When Does Temptation Become Sin?

When does sexual or romantic desire become sinful?

Temptation becomes an evil desire (e.g., adultery in the heart) when we look at a person for the purpose of lusting. Recognizing the aesthetic beauty of a person is not an evil desire—even if that person is not a spouse. Yet the moment that this recognition births evil desire in the heart by looking with lustful intent, it is sin.


In John Owen’s well-known work on sin and temptation, he defines two kinds of temptation: ones that come from without and others that come from within (Works, 6:194). The first kind of temptation works like this. I am hungry. And someone offers me stolen food. This temptation comes from without and is morally neutral.

The second kind of temptation works like this. From within me, I propose a desire to steal food for the pleasure of eating.

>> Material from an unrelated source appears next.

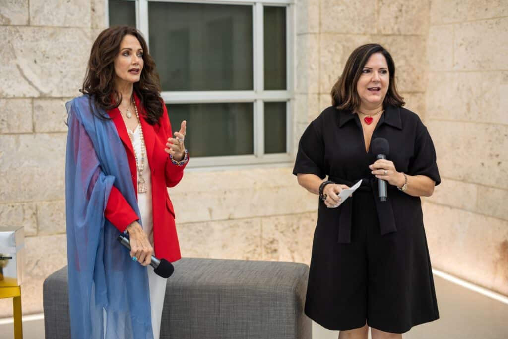 Lynda Carter, best known as the star of the live-action television series Wonder Woman, in the role of Diana Prince/Wonder Woman celebrated National Wonder Woman Day and the 80th anniversary of the iconic DC-comic book character’s creation at The Bass Museum with an unveiling of Dara Birnbaum’s film- Technology/Transformation: Wonder Woman 1978-79 – the newest edition to the museums art collection. Following the film viewing, the special event also included an intimate luncheon sponsored by BABOR, where guests sipped on Whispering Angel Rosé and enjoyed an interactive conversation and interview with Carter herself, led by The Bass Museum’s Executive Director, Silvia Karman Cubiñá.

According to Owen, “the very proposal from within, it being the soul’s own act, is its sin” (Works, 6:194).

Although this taxonomy of temptation may seem overly detailed, it becomes important when we ask the question: when does temptation become sinful? Or more specifically, when does sexual or romantic desire become sinful?

Married and Tempted

Here is what I mean. A married woman rightly can desire her spouse romantically and sexually. But what if she recognizes another man as an attractive man? Since polygamy is unnatural, does this recognition of beauty constitute sin? Has she experienced “evil desire” (Col 3:5)?

I answer no. In Matthew 5:28, Jesus defines when desire for someone becomes sin. He explains, “When someone looks at a woman for the purpose of lusting after her (pros to epithumesai auten), he has already committed adultery in his heart.”

Note two items. First, seeing a woman and recognizing the aesthetic appeal of that woman is itself not wrong. Jesus specifies that looking with lustful intent is wrong. The Greek construction pros to epithumesai auten signifies purposeful intent.

Second, the sinful act occurs “in his heart.” A desire that arises in our heart arises from within our fallen nature. This desire itself is sinful, or in the language of Paul is an “evil desire” (Col 3:5).

While Jesus gives a general principle, we can apply it to a married person. If the woman in the above example, sees a man whom she considers attractive, she does so without sin—if she does not look with lustful intent.